Algorithm to predict ischemic stroke lesions from MRI data.

This repository contains an ensemble algorithm devised in the context of the ISLES'22 MICCAI Challenge (https://isles22.grand-challenge.org/). The top-3 leading algorithms are used in a majority-voting scheme to predict outputs.

  1. Installation
  2. Usage
  3. Get started
  4. Citation
  5. About the Ensembled Algorithms
  6. Questions
  7. Acknowledgement

Installation

1.1) In your conda environment 'myenv' install basic pytorch, torchvision and cudatoolkit.

Note: Mandatory Python version 3.8.0

conda activate myenv
conda install pytorch==1.11.0 torchvision==0.12.0 torchaudio==0.11.0 cudatoolkit=11.3 -c pytorch

1.2) Clone this repository.

cd ~
git clone https://github.com/Tabrisrei/ISLES22_Ensemble.git

1.3) Install dependencies for the ensemble algorithm .

cd ISLES22_Ensemble
pip install -e SEALS/
pip install -e FACTORIZER/model/factorizer/
pip install -r requirements.txt

If successfully installed all required packages, you can follow the steps below to download and place the checkpoints.

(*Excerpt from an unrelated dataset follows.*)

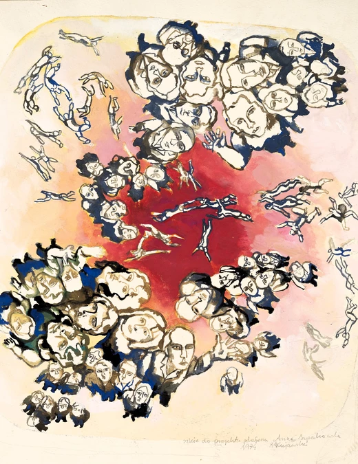 W Muzeum Architektury pokazano m.in. najbardziej znany cykl „Atomów” – wielkoformatowych prac, w których relacje między postaciami tworzą gęste układy napięć. Osobną część ekspozycji stanowią dzieła powstałe podczas kilkuletniego pobytu artystki w Nigerii: szkice, obrazy i obiekty przestrzenne, w których wyraźnie obecna jest witalność natury oraz element fantastyki.

1.4) Download all content from https://drive.google.com/drive/folders/1GQP5nmtoIfhyu2LHCzPVYnZZ7ZQDX1go?usp=drive_link

1.5)

  • Decompress the file "nnUNet_trained_models.tar.gz" in ~/ISLES22_Ensemble/SEALS/data/.
  • Decompress the file "ts.tar.gz" in ~/ISLES22_Ensemble/NVAUTO/.
  • Decompress "log.tar.gz" in ~/ISLES22_Ensemble/FACTORIZER/model/.

Usage

The algorithms works over skull-stripped MRI images, directly in native-space (no image co-registration is needed). Image modalities required for running the algorithm are DWI (b=1000), ADC and FLAIR.

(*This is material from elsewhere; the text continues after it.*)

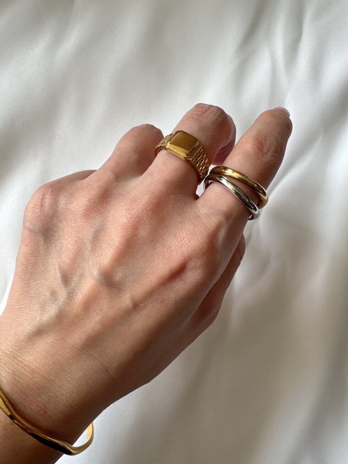 単体でシンプルに着けるのはもちろん、重ね付けや別の指に分けて着けることで、自由自在なスタイリングが楽しめます。カラーのコントラストが手元を引き立て、カジュアルからモードまで幅広いコーディネートにフィット。

Note: DWI and ADC images are supposed to be obtained from the same acquisition timepoint. Differences between them (e.g. affine, voxel resolution, number of voxels, etc.) might impact the algorithm performance.

From Python

import sys
ENSEMBLE_PATH = 'path-to-isles-ensemble-repo' 
sys.path.append(ENSEMBLE_PATH)
from isles22_ensemble import predict_ensemble

INPUT_FLAIR = 'path-to-flair.nii.gz'
INPUT_ADC = 'path-to-adc.nii.gz'
INPUT_DWI = 'path-to-dwi.nii.gz'
OUTPUT_PATH = 'path-to-output-folder'

predict_ensemble(isles_ensemble_path=ENSEMBLE_PATH,
                     input_dwi_path=INPUT_DWI,
                    input_adc_path=INPUT_ADC,
                    input_flair_path=INPUT_FLAIR,
                    output_path=OUTPUT_PATH,
                    save_team_outputs=False)

From terminal

Place your MRI images (.nii.gz) in

~/ISLES22_Ensemble/input/images/adc-brain-mri/
~/ISLES22_Ensemble/input/images/dwi-brain-mri/
~/ISLES22_Ensemble/input/images/flair-brain-mri/

Run:

bash Ensemble_launcher.sh

Results will be stored in ~/ISLES22_Ensemble/output/images/stroke-lesion-segmentation/.

Get started

You can try out our algorithm using a real test scan located in ~/data. For doing so, run the example script located in ~/scripts/predict_scan.py. The example data belongs to the ISLES'22 dataset (Hernandez Petzsche et al., Sci Data 2022).

Citation

Please cite the following manuscripts when using The Isles'22 Ensemble:

  • de la Rosa, E., Reyes, M., Liew, S. L., Hutton, A., Wiest, R., Kaesmacher, J., ... & Wiestler, B. (2024). A Robust Ensemble Algorithm for Ischemic Stroke Lesion Segmentation: Generalizability and Clinical Utility Beyond the ISLES Challenge. arXiv preprint arXiv:2403.19425.

  • Hernandez Petzsche, M. R., de la Rosa, E., Hanning, U., Wiest, R., Valenzuela, W., Reyes, M., ... & Kirschke, J. S. (2022). ISLES 2022: A multi-center magnetic resonance imaging stroke lesion segmentation dataset. Scientific data, 9(1), 762.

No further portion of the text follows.